A food-commerce startup collecting customer feedback had no structured way to measure satisfaction across the different dimensions of its product — food quality, delivery experience, app usability, and pricing. Feedback existed but was scattered, unquantified, and disconnected from order behaviour, making it impossible to identify which customer segments were most dissatisfied or what was specifically driving poor scores.
Designed and built a multi-dimensional NPS tracking dashboard integrating survey responses with order history data across four satisfaction dimensions: Affordability, Culinary, Delivery, and App Experience. Each dimension had its own NPS score, time-series trend line, rating distribution chart, and root cause categorisation — so a drop in Delivery NPS could be immediately traced to specific complaint types such as "Not On Time," "Agent Not Friendly," or "Location Not Found." The dashboard included qualitative comment tables with ratings, filterable by customer segment, date range, AOV, total orders, and loyalty days — allowing the team to cross-reference satisfaction scores against customer value and behaviour. A record count of 67 surveyed customers was tracked against the full customer base to monitor survey coverage over time.
Transformed qualitative customer feedback into a structured, quantified, and actionable measurement system for the first time. Delivery NPS of 83.33% validated the core operational promise, while App NPS of 34.38% clearly flagged the digital product as the primary area requiring intervention — directly informing the product team's priorities.

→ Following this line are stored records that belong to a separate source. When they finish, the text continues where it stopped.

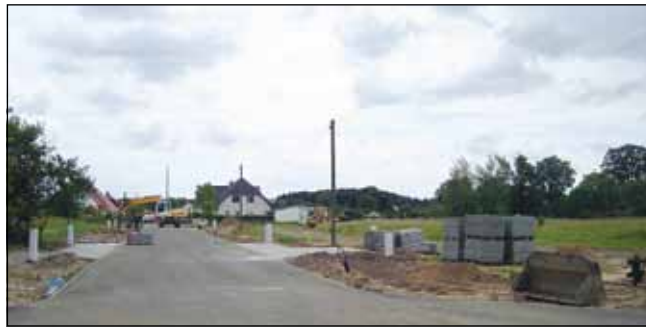
Der erschlossene Teil des Ligusterweges.

Die Stadt Eberswalde bietet Baugrundstücke in der Clara-Zetkin-Siedlung an. Ein neuer Straßenabschnitt des Ligusterweges wurde diesen Sommer fertig gestellt. Die Parzellen verfügen bereits über die nötigen Anschlüsse und sind somit geeignet für den Eigenheimbau. In ruhiger, grüner Lage lässt sich der Traum vom Eigenheim in Eberswalde gut erfüllen. Besonders schnell kommen Interessenten an eine Baugenehmigung, wenn ihr Grundstück bereits in einem Bebauungs-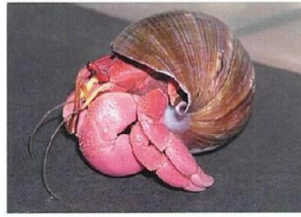
オオナキオカヤドカリ *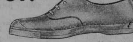
Vrsta 4337-25 Specijalni platneni čevlji za tenis z izvanredno močnim gumijastim podplatom. Izdelani po navodilih najboljših teniš igralcev.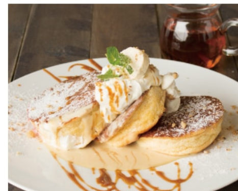
ロイヤルミルクティー パンケーキ 1,280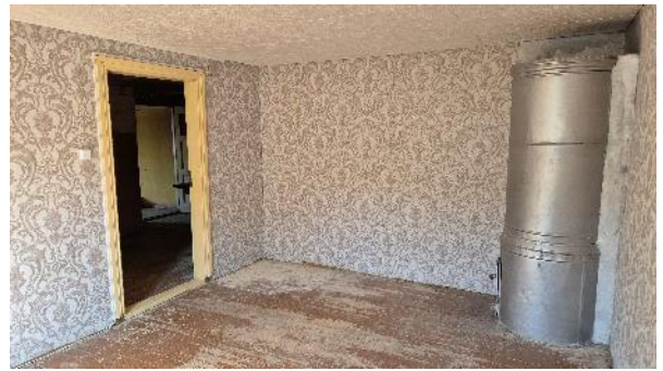
Istaba pret ieeju (telpa Nr.1)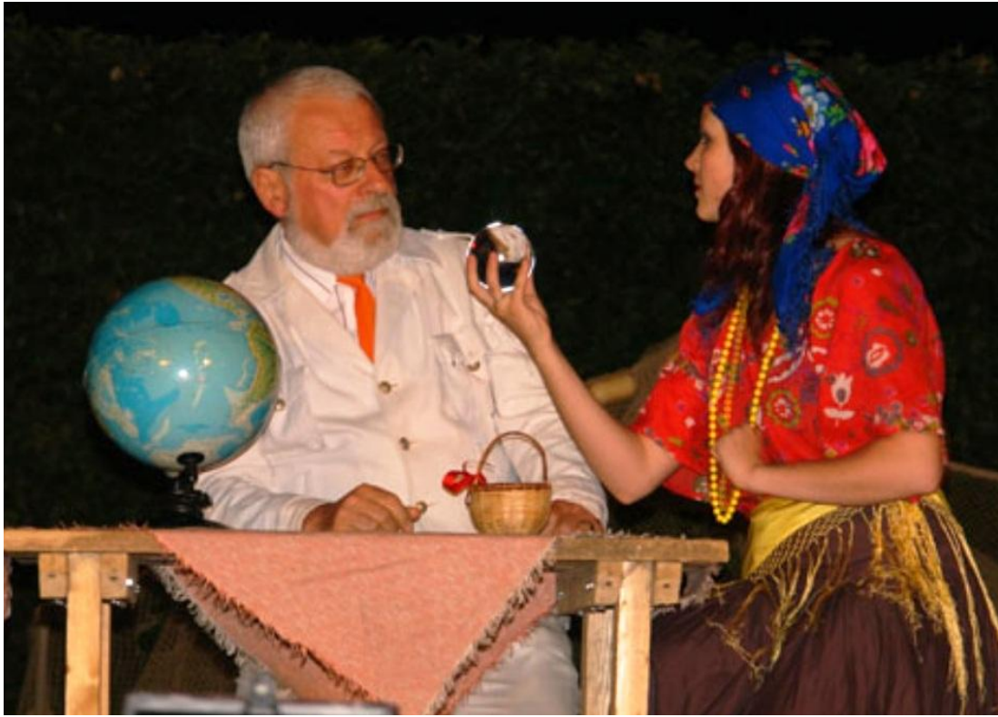
Jankovec - Děvče z přístavu - Junulino el la haveno (2010)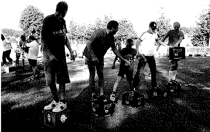
Die Mitglieder von der Feuerwehr Reitzenstein beim Kastenlauf

Die Platzierungen: 1. Platz Hauswiese 2. Platz VfL-Jugend 3. Platz Feuerwehr Issigau 4. Platz Staubige Brüder 5. Platz FW Reitzenstein 6. Platz TIM mit „Schneewittchen und die Sieben Zwerge“ (Theatergruppe Issigau Marxgrün) 7. Platz VfL Luder 8. Platz Juventus 06/07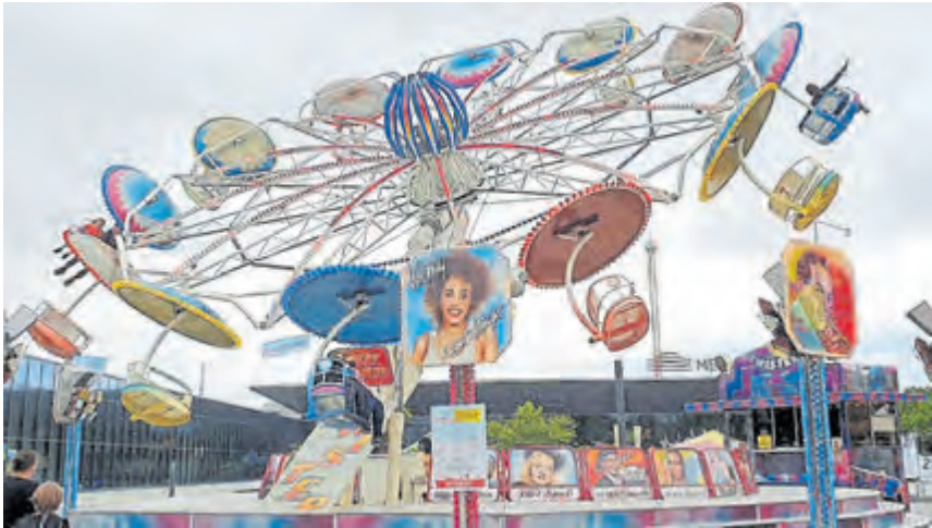
Hoch hinaus geht es für Kirmesfans im Twister.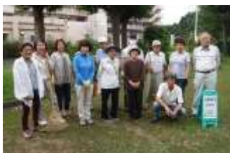
愛護会の皆さん(右端が会長)

に子どもが増え、遊びに来る姿を見受けます。子どもたちに、安心して遊んでもらえるように、清掃の行き届いた美しい公園にしていきたい」と語られました。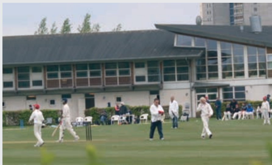
Danmark U-14 mod Schweiz U-14 i begyndelsen af maj 2012 på Svanholm Park.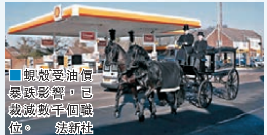
■ 蜆殼受油價暴跌影響，已裁減數千個職位。

伊朗石油輸出解禁拖累國際油價昨日繼續下跌，紐約期油昨日低見每桶27.54美元，為13年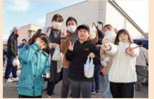
参加賞の両川産梨を持ってピース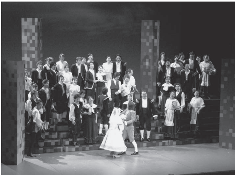
大学院オペラ公演：長久手町文化の家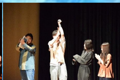
【新入組合員プレゼンテーション】 全20支部の作品を発表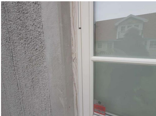
Bild 1: Utvändigt, Fönster, Framsida, Fönster av isolerglasmodell samt 2 glas kopplade. Ommålningsintervall är ca 7–10 år, den kortare tiden i söderläge (mot solsida). Isolero...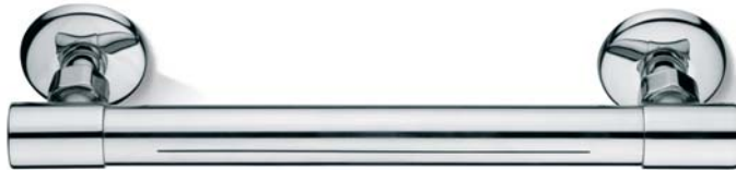
SOFDX039CR Soffione orizzontale cascata Water fall horizontal head shower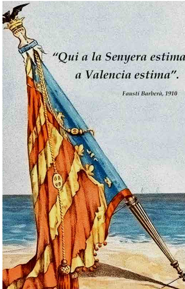
J. Barreira. Fragment de la portada de L'Himne Valencià

Han amerat de dubtes a eixe poble que busca veritats en l'hora blava deixant caure una boira que li oculta la font en llibertat de l'esperança. Ningú no sap per qué la veu es trenca, ningú no sap qui cobra ni qui paga, i yo dic que és València la que plora, per tant de fill postís i tanta estafa.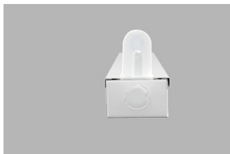
AirZing 5040 Product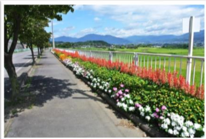
優秀賞 上平南自治会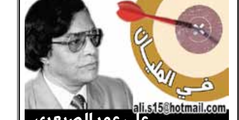
علي عمر الصيعري

الشعب كل الشعب أنصار الرئيس علي عبدالله صالح الديمقراطي والحرية، والشعب كل الشعب أنصار الوحدة والأمن والاستقرار. وكل ما يريده الشعب من الرئيس علي عبدالله صالح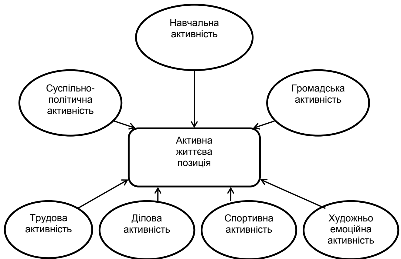
Схема 1. Складові активної життєвої позиції

колективу, самого себе, природи, навчання, праці тощо) і проявляється в діяльності.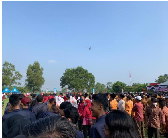
Upacara HUT RI di kecamatan Jati Agung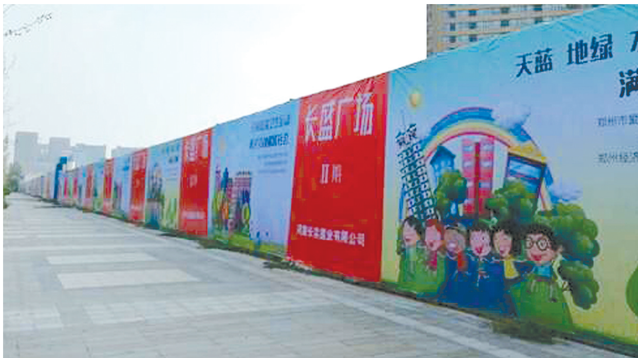
经北四路与第八大街交叉口向北150米路西广告牌整改后

The ability to filter by customer segment and order behaviour meant the business could distinguish between high-value customers who were dissatisfied and low-value customers who were dissatisfied, enabling prioritised response.
Complaint categorisation reduced the time from "we have a problem" to "we know exactly what the problem is" from days to minutes.
NPS Measurement, Customer Satisfaction Analytics, Multi-Dimensional Feedback Analysis, Root Cause Analysis, Qualitative Data Quantification, Customer Segmentation, Time-Series Trend Analysis, Digital Product Analytics, Survey Analytics
Looker Studio, MySQL
A multipage interactive dashboard using Looker Studio, BigQuery and SQL
Page 1: Executive Summary - NPS Performance Overview
Provide a high-level summary of the overall NPS score and its trend over time. Allow business users to quickly filter by key segments (e.g., order value tiers, customer tenure) to identify broad areas of concern. Visualizations should clearly highlight the distribution of promoters, passives, and detractors.
Page 2: Deep Dive into Pain Points and Timelines
Enable users to investigate specific areas of low NPS and associated customer feedback. This page will display key pain points identified in each area, their evolution over time, and the ability to filter by high-value orders, total order count, last order date, and assignment of issue resolution (if applicable). This facilitates prioritization of critical issues impacting valuable customers.
Page 3: Qualitative Customer Feedback Analysis
Present verbatim customer comments and feedback associated with different NPS scores and areas of concern. Implement text analysis capabilities (if feasible within Looker Studio or as a follow-up analysis) to identify recurring themes and sentiment within the feedback.
Page 5: Customer Profile Analysis of Feedback Providers
Offer insights into the profiles of customers providing feedback (e.g., purchase frequency, average order value, demographics if available and relevant). This can help identify if specific customer segments are disproportionately represented in the negative feedback.